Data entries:
○ ○ ○
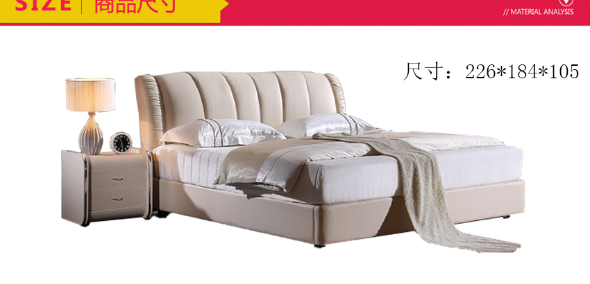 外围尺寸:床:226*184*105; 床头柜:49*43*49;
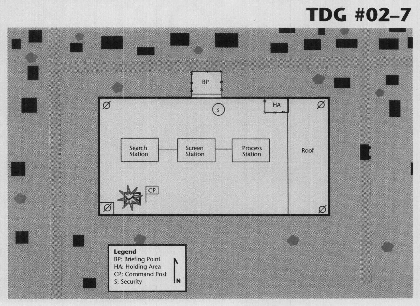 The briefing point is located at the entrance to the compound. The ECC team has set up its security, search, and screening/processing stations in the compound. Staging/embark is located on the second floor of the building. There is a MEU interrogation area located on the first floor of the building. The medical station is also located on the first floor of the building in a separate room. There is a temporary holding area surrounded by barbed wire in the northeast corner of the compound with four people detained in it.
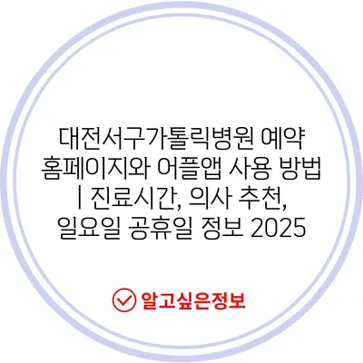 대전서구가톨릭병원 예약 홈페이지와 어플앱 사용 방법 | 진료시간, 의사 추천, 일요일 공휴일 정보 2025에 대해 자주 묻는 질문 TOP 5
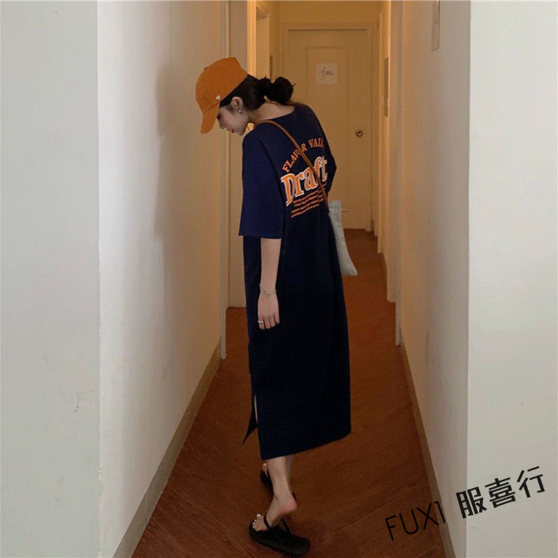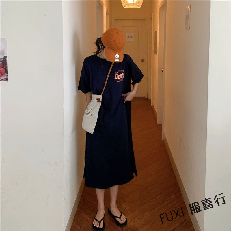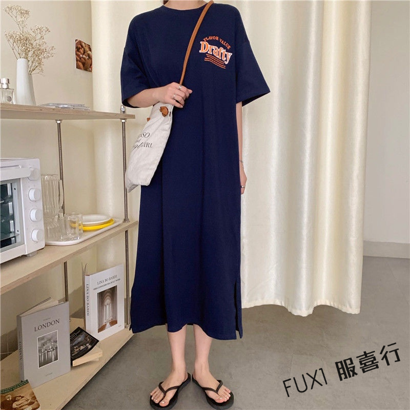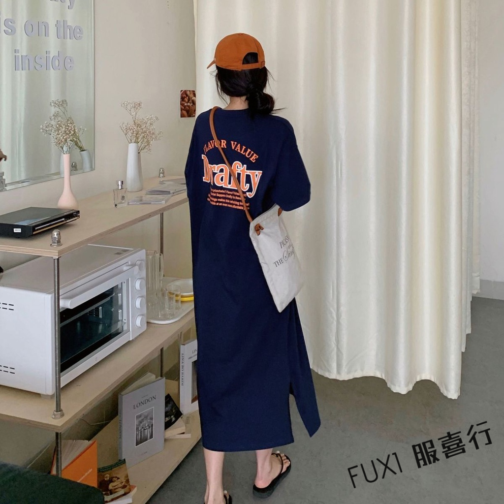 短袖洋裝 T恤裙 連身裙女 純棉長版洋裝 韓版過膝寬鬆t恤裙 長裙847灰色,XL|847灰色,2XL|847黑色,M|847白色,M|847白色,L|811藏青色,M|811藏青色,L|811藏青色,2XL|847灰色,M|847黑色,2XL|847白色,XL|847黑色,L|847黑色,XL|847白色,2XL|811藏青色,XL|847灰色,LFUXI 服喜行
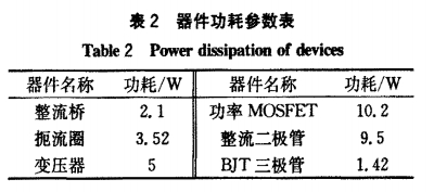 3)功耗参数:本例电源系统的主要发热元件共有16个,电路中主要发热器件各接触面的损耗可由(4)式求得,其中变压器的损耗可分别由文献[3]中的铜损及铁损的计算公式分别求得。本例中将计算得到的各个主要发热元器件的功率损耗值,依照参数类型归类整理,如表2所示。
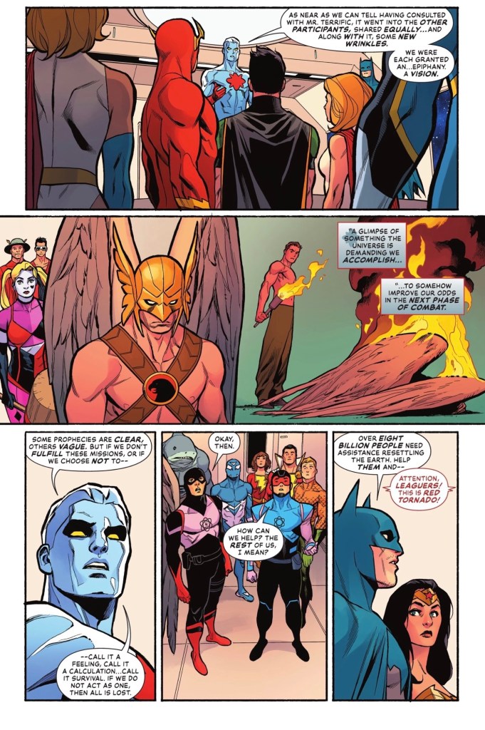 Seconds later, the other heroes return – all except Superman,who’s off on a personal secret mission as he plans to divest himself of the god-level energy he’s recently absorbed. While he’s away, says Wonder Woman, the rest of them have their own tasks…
○ ○ ○
### Work to complete
Set down only the lines running from the line with "3)功耗参数:本例电源系统的" to the end of the entries, inclusive; omit every picture.

### Answer space
 3)功耗参数:本例电源系统的主要发热元件共有16个,电路中主要发热器件各接触面的损耗可由(4)式求得,其中变压器的损耗可分别由文献[3]中的铜损及铁损的计算公式分别求得。本例中将计算得到的各个主要发热元器件的功率损耗值,依照参数类型归类整理,如表2所示。
 Seconds later, the other heroes return – all except Superman,who’s off on a personal secret mission as he plans to divest himself of the god-level energy he’s recently absorbed. While he’s away, says Wonder Woman, the rest of them have their own tasks…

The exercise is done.